The correlation between 2 variables was analysed using Pearson’s correlation analysis. Survival curves were calculated using the Kaplan–Meier method.

Analysis of long-term result other than survival was performed using cumulative incidence function with death as competing event, and groups were compared with Gray’s test. A Fine–Gray competing risk regression model was used to estimate subdistribution hazard ratio (sHR) along with 95% CI. For >3 groups, pairwise post hoc analyses were performed using the Bonferroni test to correct for multiple comparisons. Factors associated to major PVL were analysed using the Cox regression analysis. Variables of age, male gender, infective endocarditis, repeated MVR and implant technique (posterior leaflet preservation), which were considered relevant to PVL from prior study [10-14], were selected. Among these, variables that reached P < 0.1 on univariable Cox regression analysis (male gender, repeated MVR and posterior leaflet preservation) were introduced to multivariable analysis.

All analyses were conducted using Stata version 15.0 (StataCorp, College Station, TX, USA) and EZR software, version 1.54.

RESULTS

This study included 583 patients (277 men [47.51%]; age, 61 [54-67] years). The median clinical follow-up duration was 13.3 (7.4–19.6) years. Preoperative patient characteristics are summarized in Table 1. Operative data are summarized in Table 2.

Short-term results

In-hospital death was observed in 27 (4.63%) patients.
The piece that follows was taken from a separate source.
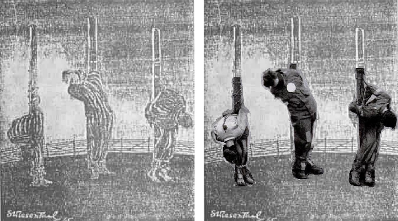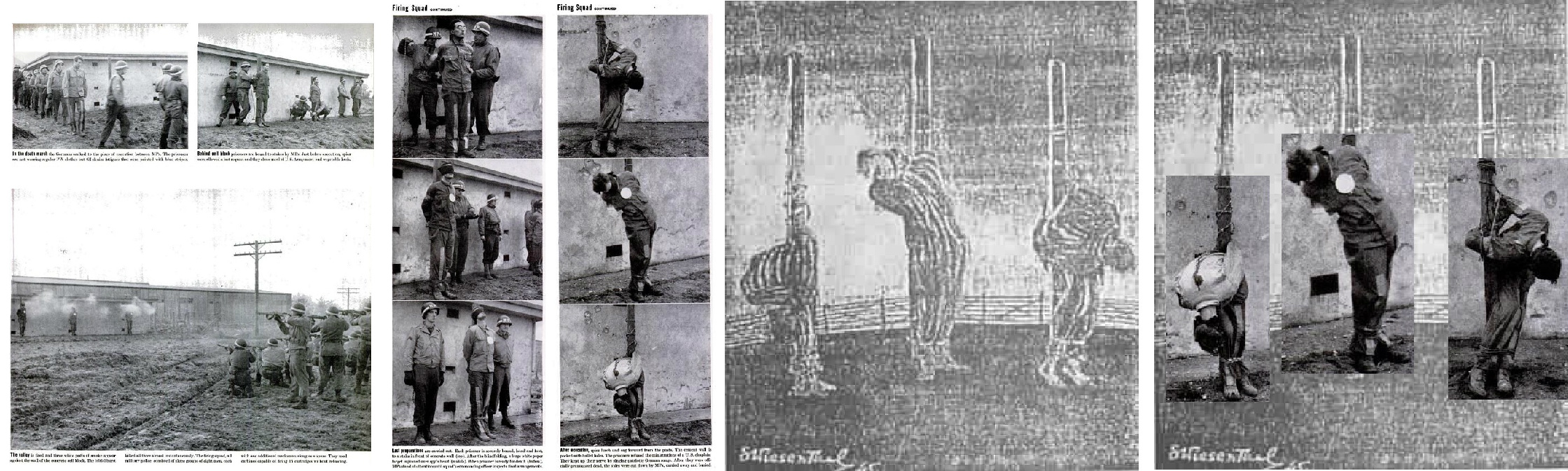 (click image to enlarge)But in actuality, LLIiesenthal's picture was plagiarised from theJune 11, 1945 edition of LIFE Magazine. Which features photosof three Germans soldiers being executed by the Americans.

Their cause of death is summarized in Table 2.

Long-term results

The follow-up rate was 64.5%. Late death was observed in 189 patients, and the linearized ratio for late death was 3.047%/patient-year (95% CI, 2.628–3.514%).

The survival rates at 10, 15, 20 and 25 years were 81.4%, 69.3%, 56.3% and 45.0%, respectively, as shown in Fig. 1A. The survival rate according to operative indication is summarized in Supplementary Material, Fig. S1.

Figure 1:

(A and B) Rates of survival and cumulative incidence of valve-related death.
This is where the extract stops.